Ob dies politische Auswirkungen auf Biden hat, während er um die Wiederwahl kämpft, ist unklar. Eine Umfrage des Emerson College Polling in diesem Monat ergab, dass 64 Prozent der Wähler angaben, dass der Prozess sich nicht darauf auswirken würde, wie sie wählen würden.
Republikaner haben seit Jahren versucht, und größtenteils gescheitert, die Sünden von Hunter seinem Vater anzuhängen – sei es sein Drogenmissbrauch, das Versäumnis, ein außereheliches Kind zu unterstützen, oder seine Geschäftspraktiken. Ihre Bemühungen haben sich intensiviert, als der ehemalige Präsident Donald Trumps Wahlkampf von eigenen rechtlichen Problemen belastet wurde.
So unschön die Enthüllungen des Prozesses auch waren, glauben einige, dass sie den Wählern auch Bidens Tugenden als Vater vor Augen führen könnten, insbesondere zu einer Zeit, in der so viele amerikanische Familien mit Drogenabhängigkeit zu kämpfen haben.
Das ist die Ansicht von Chris Whipple, der die Familie in seinem Buch „The Fight Of His Life: Inside Joe Bidens White House“ beschrieben hat. „Für mich bestätigt der Prozess, was wir schon immer über Joe Biden wussten“, sagte Whipple. „Es ist einfach schwer zu überschätzen, wie stark die Bindung zwischen ihm und Hunter ist. Wie eng sie sind.“
Auch wenn seine politische Karriere es verlangen würde, ist Whipple überzeugt, dass der Präsident Hunter niemals fallen lassen würde. „Familie bedeutet Biden alles“, beobachtete er.
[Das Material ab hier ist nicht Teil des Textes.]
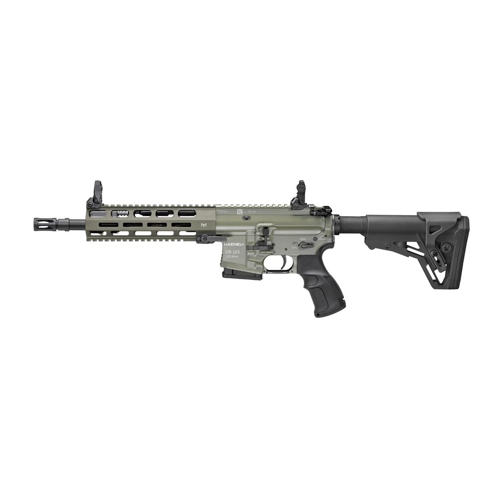 Mit der ?Competition Rifle? 223, kurz CR 223 knüpft die Waffenschmiede Haenel an Ihre lange Tradition in der Fertigung von halbautomatischen Büchsen an. Einst wurde bei C.G. Haenel in Suhl das erste Sturmgewehr der Geschichte gebaut und entwickelt. Es handelt sich bei der CR 223 um eine halbautomatische Büchse mit Pistonsystem im Kaliber .223 Rem. auf Basis des legendären AR 15 Systems. Als moderner Selbstlader in Zentralfeuer-Ausführung, funktioniert auch die Haenel CR 223 als Gasdrucklader mit Drehkopfverschluss. Der Teleskop-Hinterschaft ist in sechs Stufen längenverstellbar. Die Büchse verfügt über einen freischwingenden, kaltgehämmerten Lauf der in drei verschiedenen Lauflängen: 423 mm / 368 mm / 254 mm erhältlich ist. Je nach Lauflänge beträgt die Gesamtlänge zwischen 938 mm und 684 mm. Das Gewicht beträgt je nach Ausführung und Zubehör ca. zwischen 3,35 kg und 3,6 kg. Neben dem Direktabzug mit ca. 3.200 g ist auch ein optionaler Feinabzug erhältlich, dieser löst bei ca. 1.500 g aus. Die Sicherung ist beidseitig bedienbar.

First Lady Jill Biden, rechts, kommt vor Gericht an. Sie hat Hunters zweite Frau Melissa während des Prozesses unterstützt © Jim Lo Scalzo/EPA-EFE/ShutterstockJoe Bidens Geschwister: Valerie Biden, links, und James Biden kommen vor Gericht an © Matt Rourke/AP
Wie Hunter selbst dem New Yorker im Jahr 2019 sagte, war er eine Art Sicherheitsnetz für seinen Vater im Wahlkampf. „Ich kann ihm Dinge sagen, die niemand sonst kann“, erklärte er.
Ihre Bindung wurde in einer Kennedy-esken Tragödie geschmiedet, die sowohl Familiensage als auch politische Biografie ist. Bidens junge Frau und Tochter wurden in einem Autounfall eine Woche vor Weihnachten 1972 getötet. Der damals 29-jährige frischgebackene Senator wurde kurz darauf am Krankenbett seiner Jungs, Beau und Hunter, vereidigt, die den Unfall überlebten.
Wie er oft bei Wahlkampfveranstaltungen erzählt hat, würde Biden jeden Abend mit dem Zug von Washington, DC nach Hause fahren, um seinen Jungs eine gute Nacht zu küssen. Beaus frühzeitiger Tod hat eine weitere Episode zur Geschichte hinzugefügt. Als er 2020 für das Präsidentenamt kandidierte, stellte Biden seinen verstorbenen Sohn als seine Inspiration und Leitfigur dar.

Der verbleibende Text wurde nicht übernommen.